— Source data —
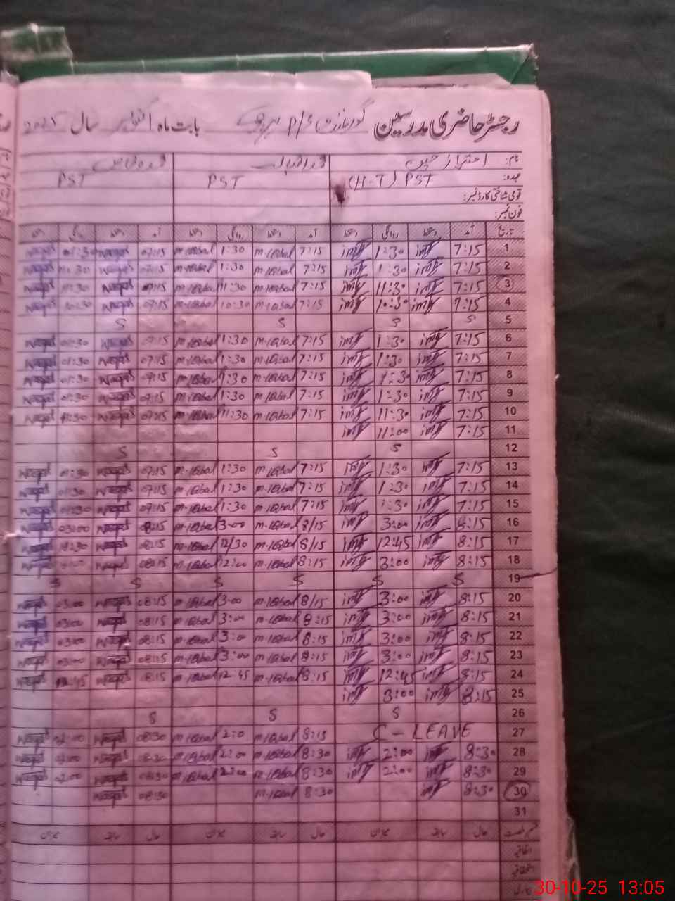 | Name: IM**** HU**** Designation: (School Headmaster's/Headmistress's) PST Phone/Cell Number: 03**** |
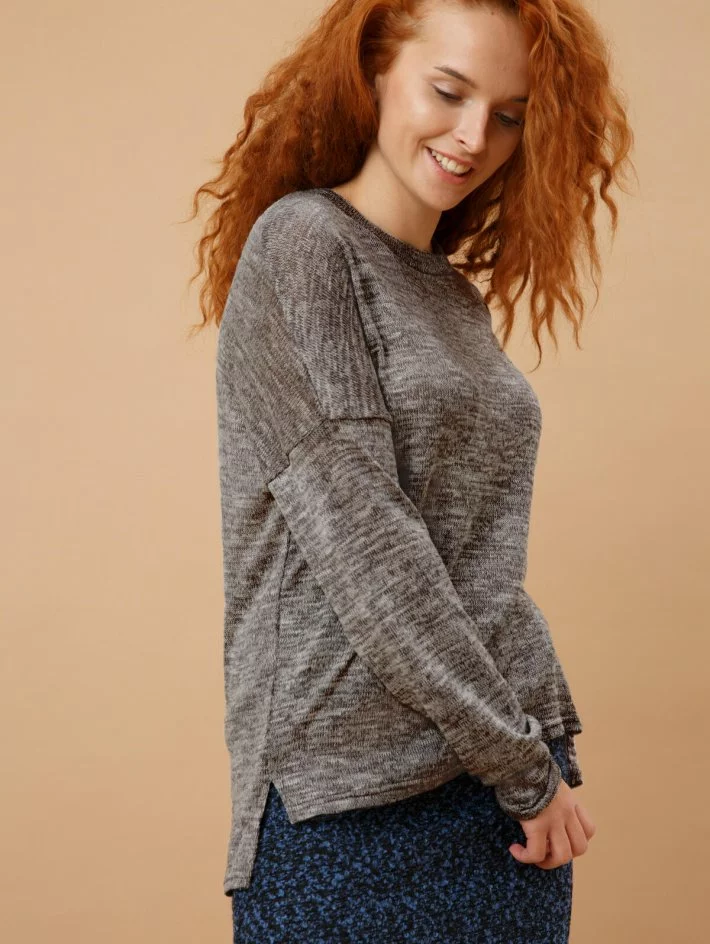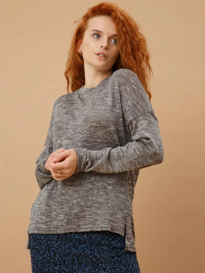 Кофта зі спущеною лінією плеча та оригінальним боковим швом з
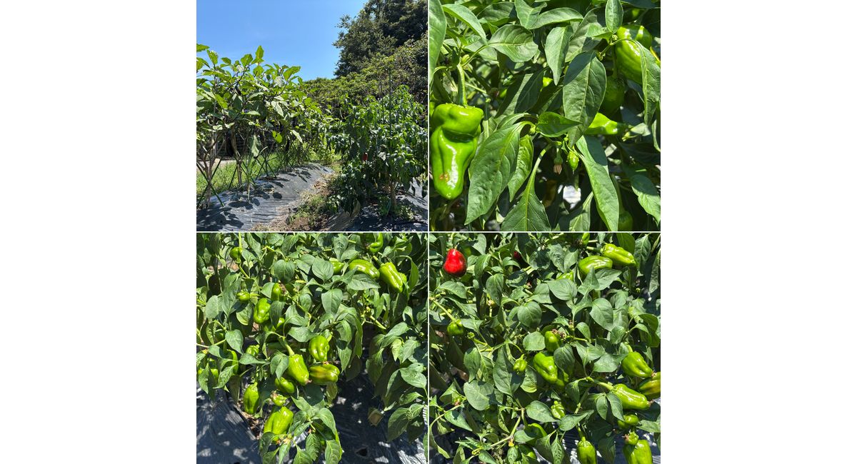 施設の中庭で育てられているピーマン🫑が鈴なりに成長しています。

— Exercise goal —
Write the full listing out again with every line unchanged, but include no pictures.

— Task answer —
 | Name: IM**** HU**** Designation: (School Headmaster's/Headmistress's) PST Phone/Cell Number: 03**** |
 Кофта зі спущеною лінією плеча та оригінальним боковим швом з
 施設の中庭で育てられているピーマン🫑が鈴なりに成長しています。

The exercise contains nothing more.